Companies Bill Provides Temporary Measures For Holding Electronic Company Meetings

Posted on 21 July 2020 by Conor Sweeney
Companies Bill

The General Scheme of the Companies and Industrial and Provident Societies (Covid-19) (Amendment) Bill 2020 was published outlining the proposed emergency measures for companies and Industrial and Provident societies dealing with COVID-19 issues.

The proposals are to help companies hold electronic meetings while complying with the COVID-19 social distancing guidelines issued by the Government.

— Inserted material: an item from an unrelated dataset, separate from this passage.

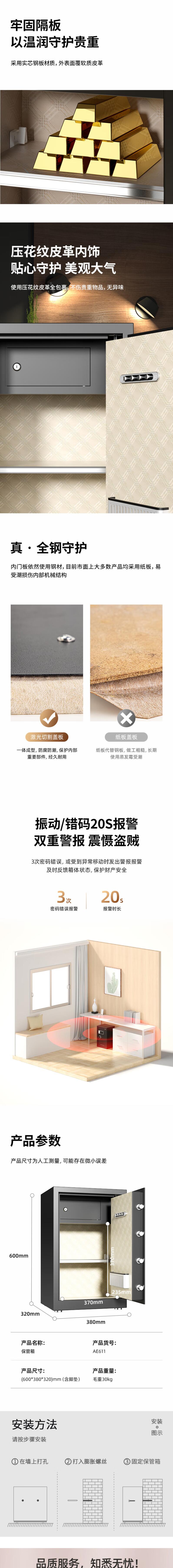 得力保险柜 家用电子密码保险箱办公小型保密箱全钢防盗可入墙入柜保险箱保管柜 曜臻AE611高60cm

Timeframe for the Measures

The proposed measures are to last for the interim period expiring on 31 December 2020 and there is also a provision for the “potential extension of interim period” to no later than 20 June 2021.  We will provide an update on the progress and passing of the Bill.

Key measures

  • Documents under seal to be executed in different counterparts
  • Companies and Industrial and Provident Societies will have until 31 December 2020 to hold an AGM
  • Enable companies to hold general meetings by electronic means notwithstanding the provisions in the company constitution
  • Changes to general meetings regulations
    • Notice of the meeting to include details of the electronic platform to be used
    • The electronic platform should enable real time transmission of the meeting and provide attendees to participate by audio and audio –visual means
    • A mechanism for casting votes, whether before, or during, the meeting
    • Other regulations regarding the notice, attendance and voting at general meetings
  • Enable companies to cancel and reschedule meetings without the need to have a formal technical meeting to adjourn
  • Enable directors to withdraw a dividend resolution or reduce the dividend proposed
  • Increase the threshold for the commencement of a winding up by the Court to €50,000
  • Facilitate the virtual holding of creditors’ meetings in voluntary liquidations, examinerships and statutory schemes of arrangements
  • Extend the maximum period of the examinership in exceptional circumstances from 100 to 150 days
  • New director’s duty to have regard to the interests of creditors as the company approaches insolvency

 

Note: The content of this article is provided for information purposes only and does not constitute legal or other advice.